If there is a heaven, it's how I remember the International Food Hall.
My mom bought us gendered surprise bags one year. She paid decent money that my dad worked hard for. In my bag, the big prize was a girdle. A GIRDLE. I was too young to understand that a woman's body needed restraining. We weren't worshipping in the temple of FUPA in the 70s. In my early teens, under severe bodily insecurity, I fished it out from the back of a drawer and tried to squeeze into it. Imagine the person who packed those bags.
Seeing Thelma & Louise might become an annual event for me.
I feel relief that I never hitched myself to a husband like Darryl — that shot of his dinner and the note still in the microwave when Thelma calls at 4 a.m. because she's in trouble. That loathsome moment is brilliant storytelling.
The movie's been restored, and I saw it with a full house at the TIFF theatre last Saturday night — we applauded their courage a couple of times and laughed along with them. I had a good time.
Watching the taillights on the 1966 green Thunderbird convertible weave through the desert night — Marion Faithful crooning The Ballad of Lucy Jordan — is breathtaking. It quenches my thirst. Thank you, Ridley Scott.
I went looking for something to read about it the next day and discovered this jewel of an essay by a favourite writer, Rebecca Traister:
"It's not just that Thelma and Louise get inarguably hotter with every discarded lipstick, floral blouse, and trapping of conventional femininity; it's that, in Khouri's script and through director Ridley Scott's lens, along the geographically impossible road from Oklahoma to Mexico, their increasing liberation makes the country itself more beautiful, both to them and to us. These women and their willingness to disobey, hang up on, laugh at, and even kill the men who degrade and underestimate them are not a blight on the nation; rather, their trek west, toward imagined freedom, flatters America, lights it up from within."

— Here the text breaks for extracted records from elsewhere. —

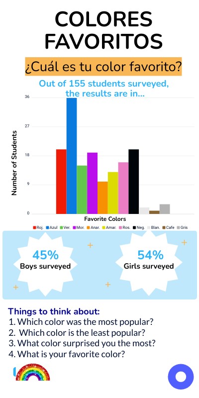 1. Which color was the most popular? 2. Which color is the least popular? 3. What color surprised you the most? 4. What is your favorite color?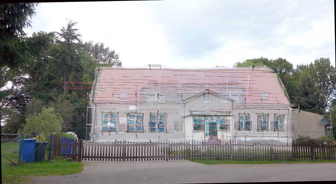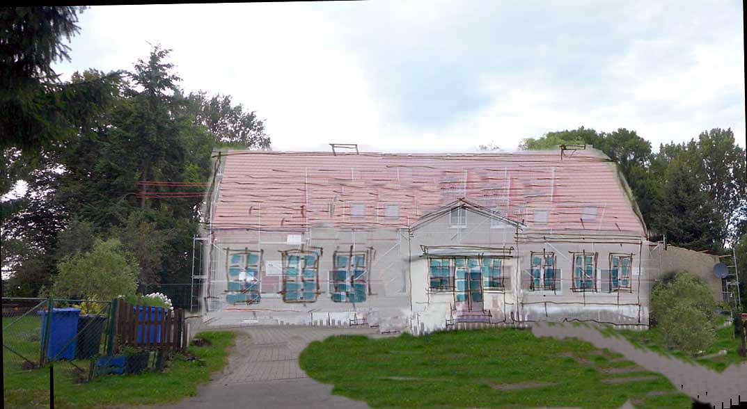 Umbau des Hauses nach dem hist. Gutshaus ohne Zaun, montiert jetziger Zustand mit Konzept Bau übereinandergelegt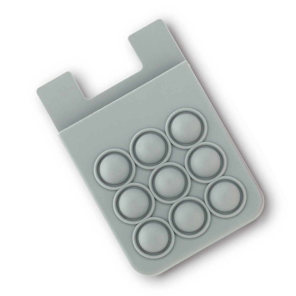 Portatarjetas antiestrés adhesivo para móviles. Medidas: 5.6 cm x 8.5 cm Marca: 2.5 cm / Tampografía en silicona a una tinta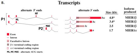 B. Schematic illustrating the variant 5′ and 3′ ends of human MIER1 transcriptsAlternate 5′ ends are generated from differential promoter usage (P1 or P2) or alternate inclusion of exon 3A. This leads to three alternate starts of translation, indicated as ML-, MF- and MAE-, and produces three distinct amino termini. The four variant 3′ ends, a, bi, bii and biii, produced by alternative splicing or alternate PAS usage, result in transcripts readily distinguished by size (1.7 kb, 2.5 kb, 3.4 kb and 4.8 kb, respectively) on a Northern blot. It should be noted that three of the variant 3′ ends, bi, bii and biii encode the same protein sequence and differ only in their untranslated region. * indicates beta encoding transcript that contains the alpha exon in its 3′UTR. The locations of the alpha and beta carboxy-terminal coding regions and PAS i, ii and iii are indicated. The combination of three possible 5′ ends with four possible 3′ ends gives rise to 12 distinct transcripts, but only 6 distinct protein isoforms. In most adult tissues, the most abundant transcript is 4.8 kb. Additional transcripts have been reported in Ensembl.
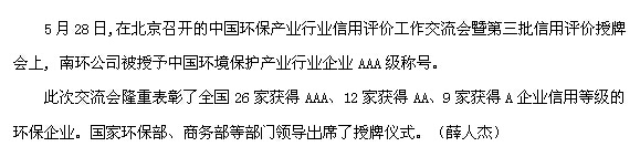南環(huán)公司榮獲中國環(huán)保產(chǎn)業(yè)行業(yè)企業(yè)信用等級評價(jià)AAA級稱號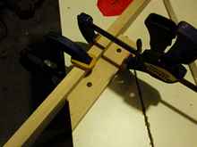 So, now we are about to make a scarf. The stringer stock as shown in Fig. 8 is clamped to the jig in position against the angled fence block. Three clamps are used. One clamps down on the stringer, and the other two are butted against each face of the stringer to help prevent undesired movement of the workpiece. Version 1.2 is a little better for this, as we will see.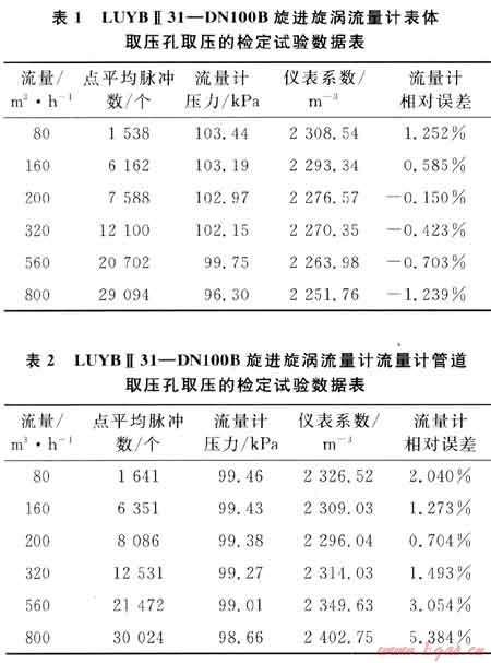 以使用廣泛的LUYBⅡ31—DN1008旋進旋渦流量計為例,系統(tǒng)運行時間為60s,標(biāo)準(zhǔn)裝置的滯止平均溫度為28.9℃,空間平均濕度為30%,流量計的平均溫度為28.3℃,在表體取壓孔取壓和管道取壓孔取壓的流量計檢定試驗數(shù)據(jù)分別如表1、2所示。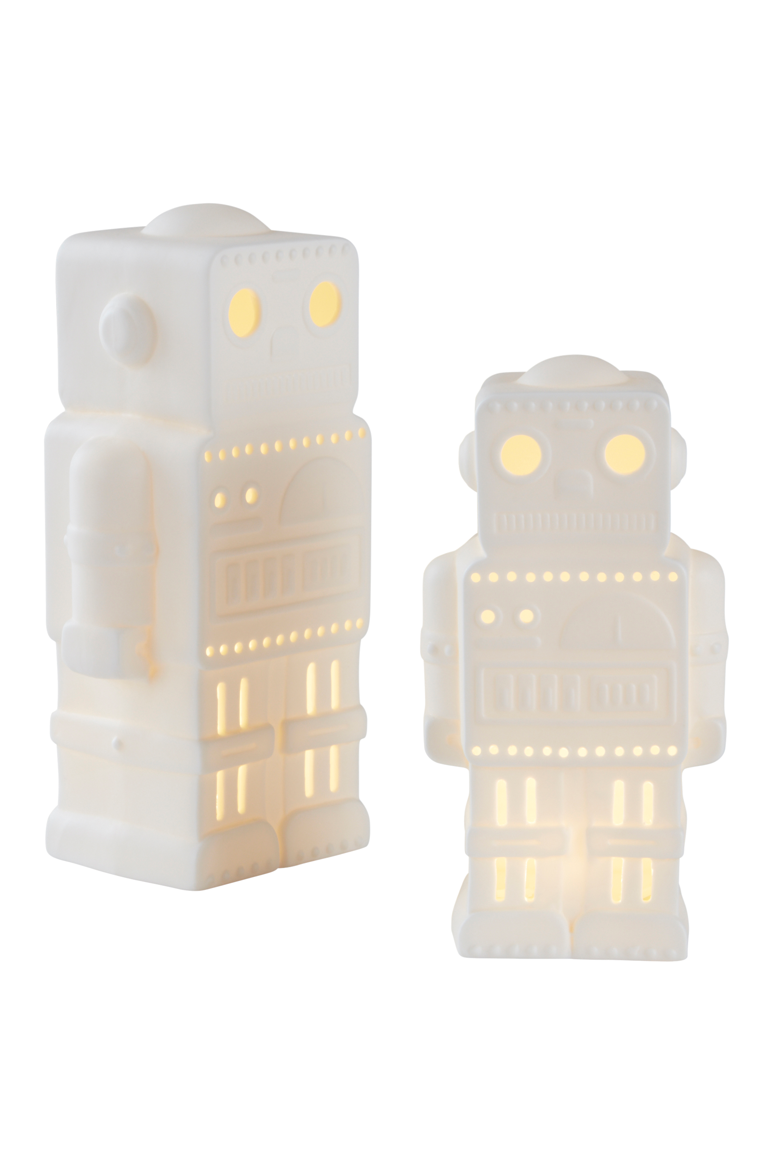 Posliiniset yövalot, joissa LED-lamppu. 2/pakkaus. Molemmat lamput ovat pienen robotin muotoiset ja hieman läpikuultavat, joten ne levittävät pehmeän ja tunnelmallisen valon. Sytytä valaisimet yöllä tuomaan lempeää valoa lapsille, jotka tuntevat olonsa turvallisemmaksi kevyesti valaistussa huoneessa. Paristokäyttöinen. Valaisimen pohjassa on pieni virtakatkaisin.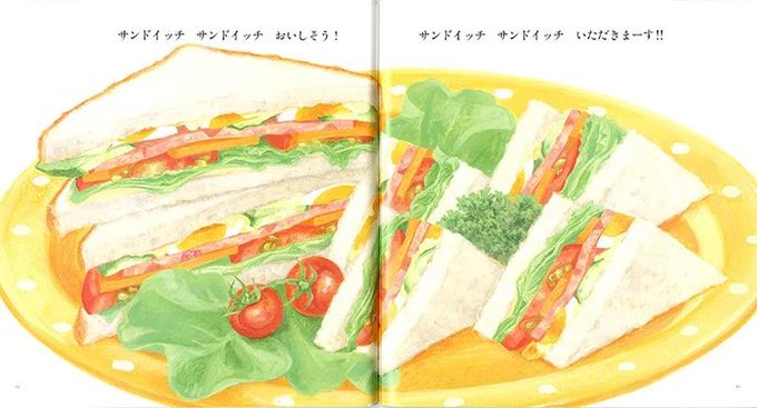 11月3日はサンドウィッチの日 に、ちなんだ絵本 【サンドイッチ サンドイッチ】 サンドイッチを作る工程を描いた絵本 厳選された食材の絵をさらに厳選しているので とても美味しそう😋 完成されたリズミカルな文章も楽しく 口を挟む前に具材を挟みたくなること請け合いです😁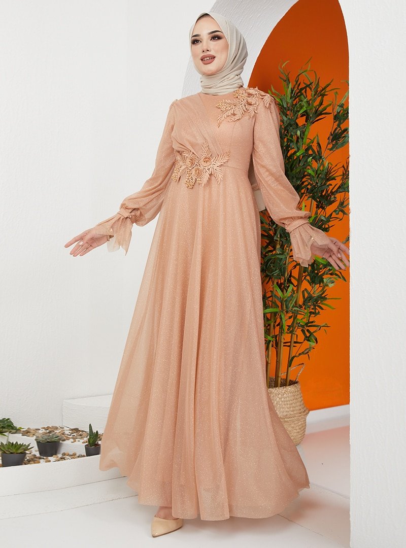 Olcay Somon Çiçek Dantel Detaylı Simli Tüllü Abiye Elbise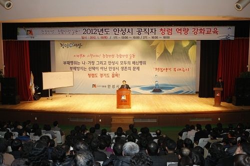 올해 안성시가 청렴도 우수기관으로 선정된 것은 2010년에서 2011년 2년 연속 최하위 청렴평가를 받으면서 2012년 1월부터 청렴도 특단의 대책을 수립, “청렴안성․청정안성”을 실현하기 위해 4개 분야(교육강화, 자체청렴강화, 예방신고강화, 감찰활동 강화)로 나눠 37개 시책을 연중 지속적으로 펼쳐왔기 때문이다.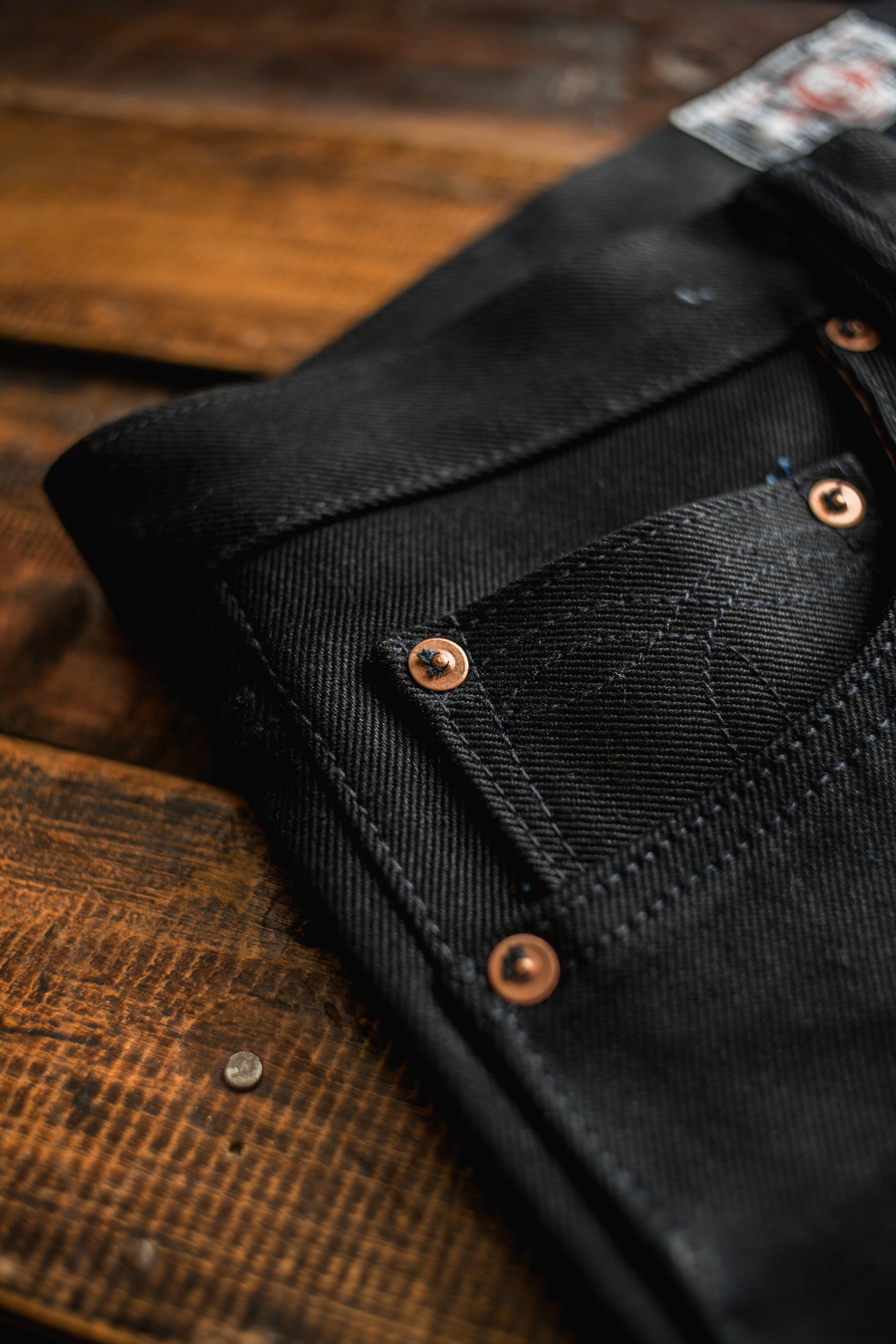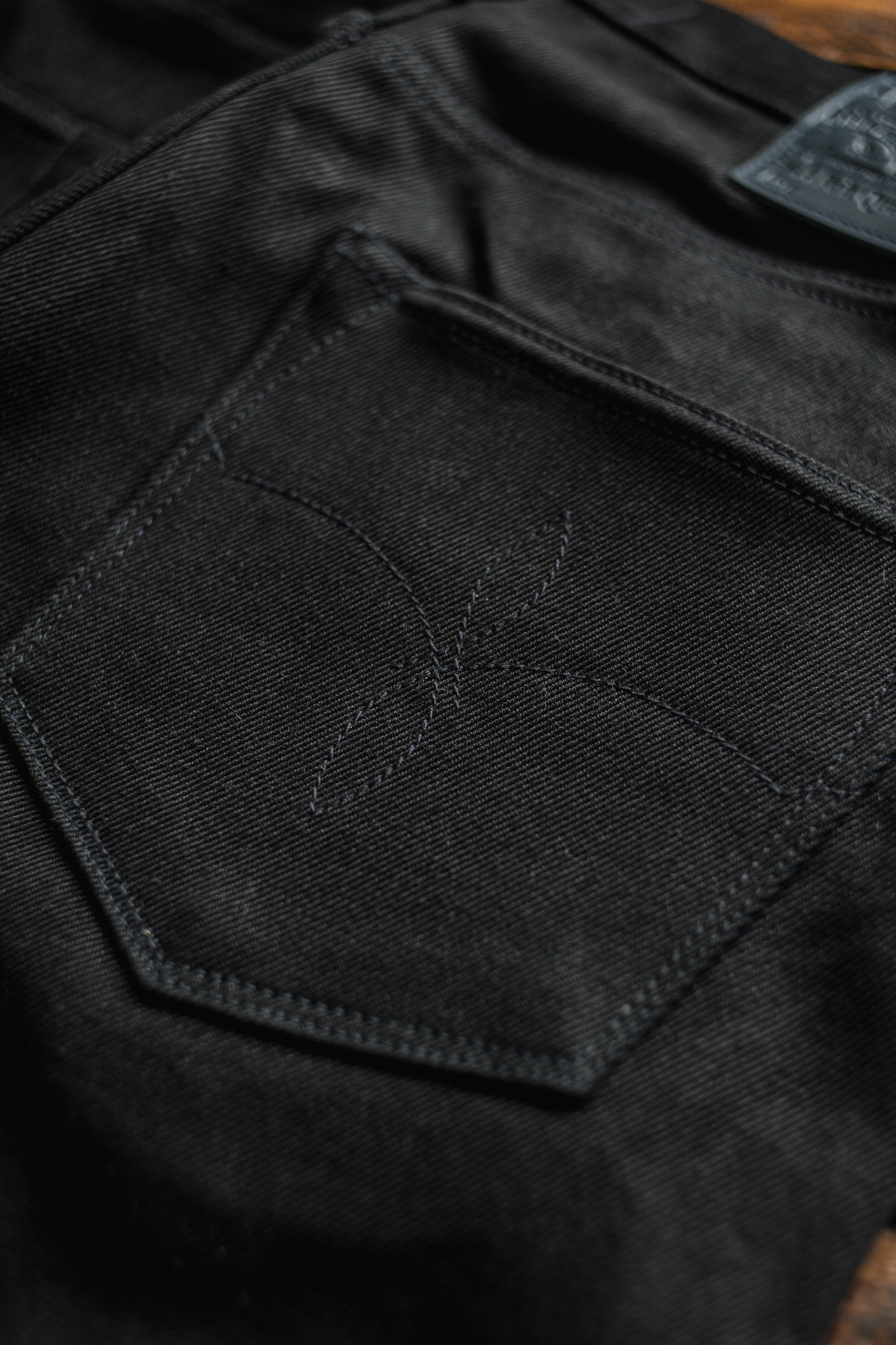 Born of a majestic black warp and indigo weft, this denim weaves a tale of mystery, depth, and contrast. The black threads hum like nightfall, while the indigo glimmers like fading sunlight on distant hills. Together, they create a texture and color that’s unique, alive, and constantly shifting, just like the Duskrider who roams the twilight trails.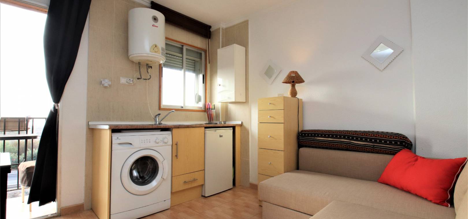 A South West facing studio apartment with 1 bathroom just 300m from the beach located in La Mata, Costa Blanca.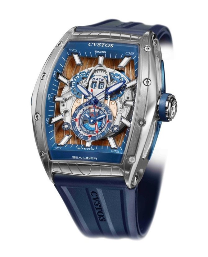 Известная часовая торговая марка Cvstos презентовала разработку "Challenge Sea Liner GMT Steel" с индикатором времени второго часового пояса и индикатором дня/ночи. Кроме основных усложнений данной модели, на роскошном циферблате новинки также указываются часы, минуты, секунды и дата. Корпус выполнен в форме бочки из нержавеющей стали с ручной гравировкой. Безель зафиксирован винтами из титана. Яркий многофункциональный циферблат защищает сапфировое стекло. С обратной стороны корпуса, в виде задней крышки, также установлено сапфировое стекло. Часовые метки с нанесением люминесцентного состава. Внутри часового корпуса инженеры компании Cvstos разместили мануфактурный механический механизм с автоподзаводом и 42-часовым запасом хода. Заводная головка из нержавеющей стали. Укомплектована данная модель синим каучуковым ремешком с классической застежкой из стали. Герметичность корпуса представленных швейцарских часов Cvstos - 100 метров.
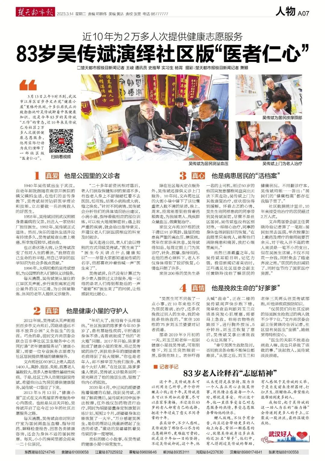 近日,《楚天都市报》专版报道江岸百步亭文卉苑“老年健康服务站”的专业医务志愿者吴传斌,10年来为社区2万余人次居民提供定点健康服务、上门义诊,诠释尽心尽力、无私奉献的“志愿精神”。全文如下: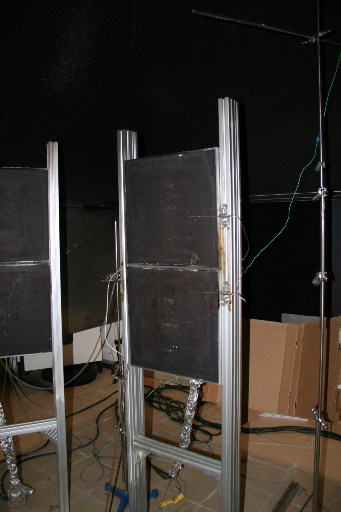 Les flux de chaleur émis par l'échantillon en combustion sont mesurés par des fluxmètres. Les temperatures de panneaux radiants et du végétal sont également suivies avec des thermocouples et une caméra infrarouge.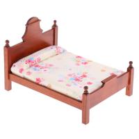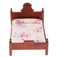 花柄のドールハウスミニチュア家具ダブルベッドよく設計され、細工された;モダンでスタイリッシュでおしゃれなあなたの人形の家の寝室の装飾のための素晴らしいアクセサリー 1/12スケールのドールハウスに適しています材質:ローズウッド茶色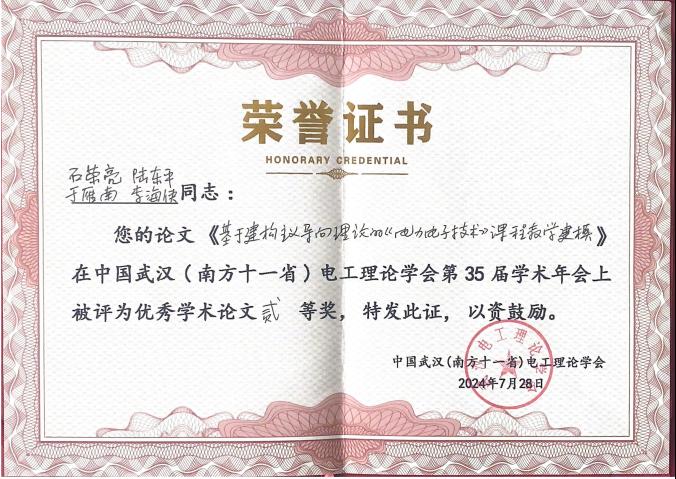 【绿色发展·榜样领航】学院教师在中国武汉(南方十一省)电工理论学会第35届学术年会中喜获优秀论文二等奖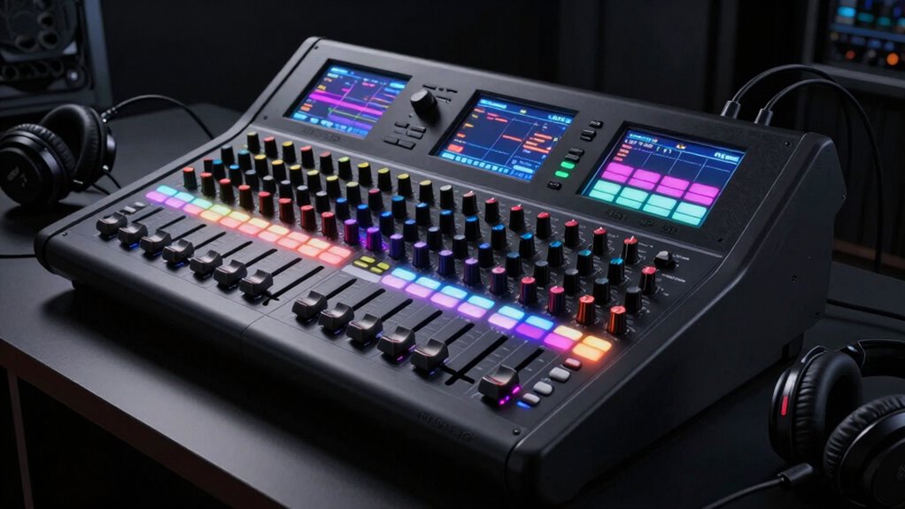 When selecting a mixing console for live streaming, I consider key factors like connectivity options, microphone compatibility, and built-in effects. Portability, size, and recording capabilities also play a big role in my decision-making process. Understanding these points helps guarantee I choose a console that fits my specific streaming needs.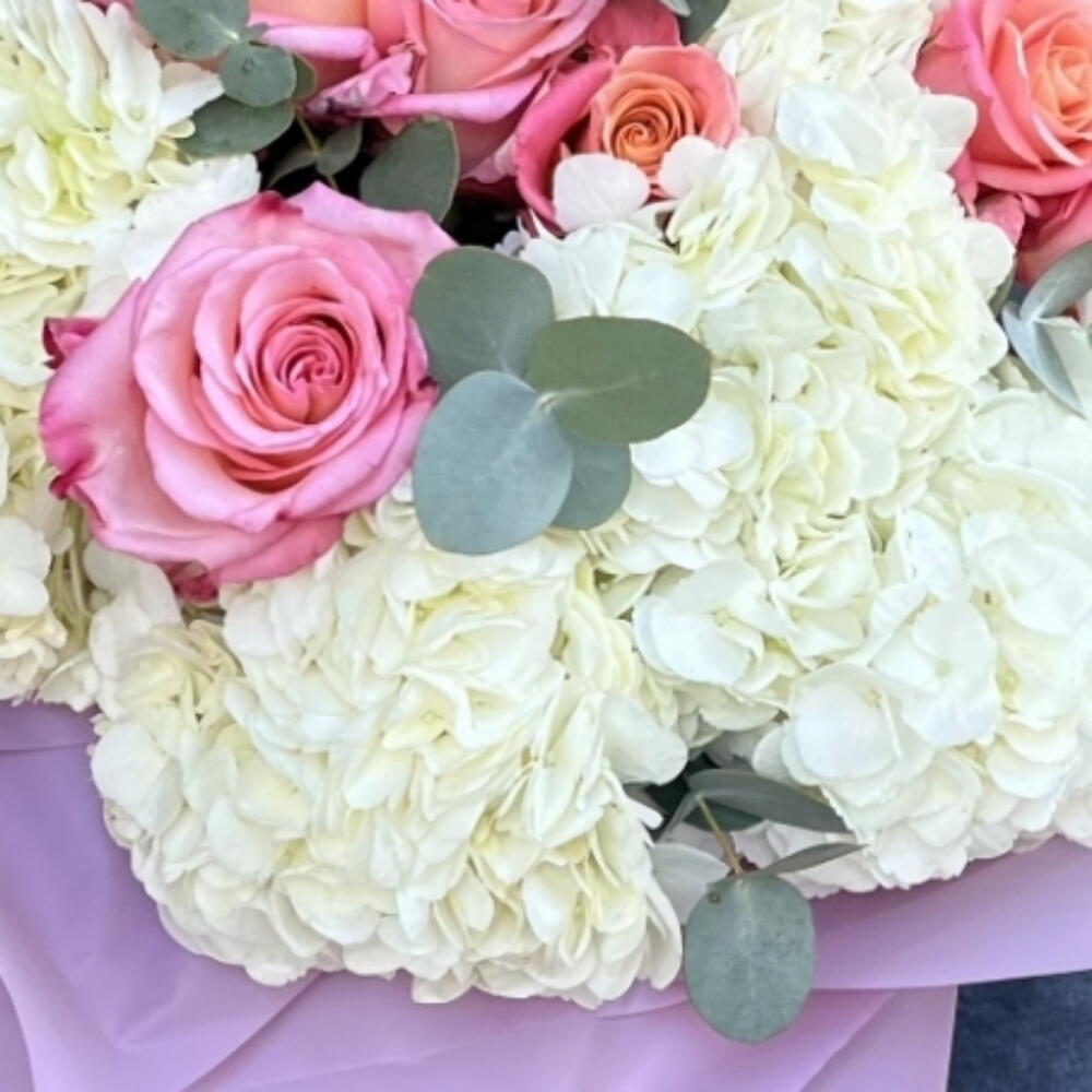 Eucalyptus - 3 шт. rosa - 9 шт. hortensia white - 9 шт.

My friend Heather sources "gently loved vintage." She has a great eye. And it's getting better with practice. That's what happens when you do something you love.
Some of you have admired this old-fashioned glass I bought from her. She sold me the four plates in the photo. I want to use them. Do you want to come over for biscuits, homemade peach jam and cultured cream, the colour of okra flowers?
Broken English was huge when it was released in 1979. I was sixteen, and everyone had the album. Thirty-three-year-old Marianne Faithful expressed the anger and sexual confidence we were craving.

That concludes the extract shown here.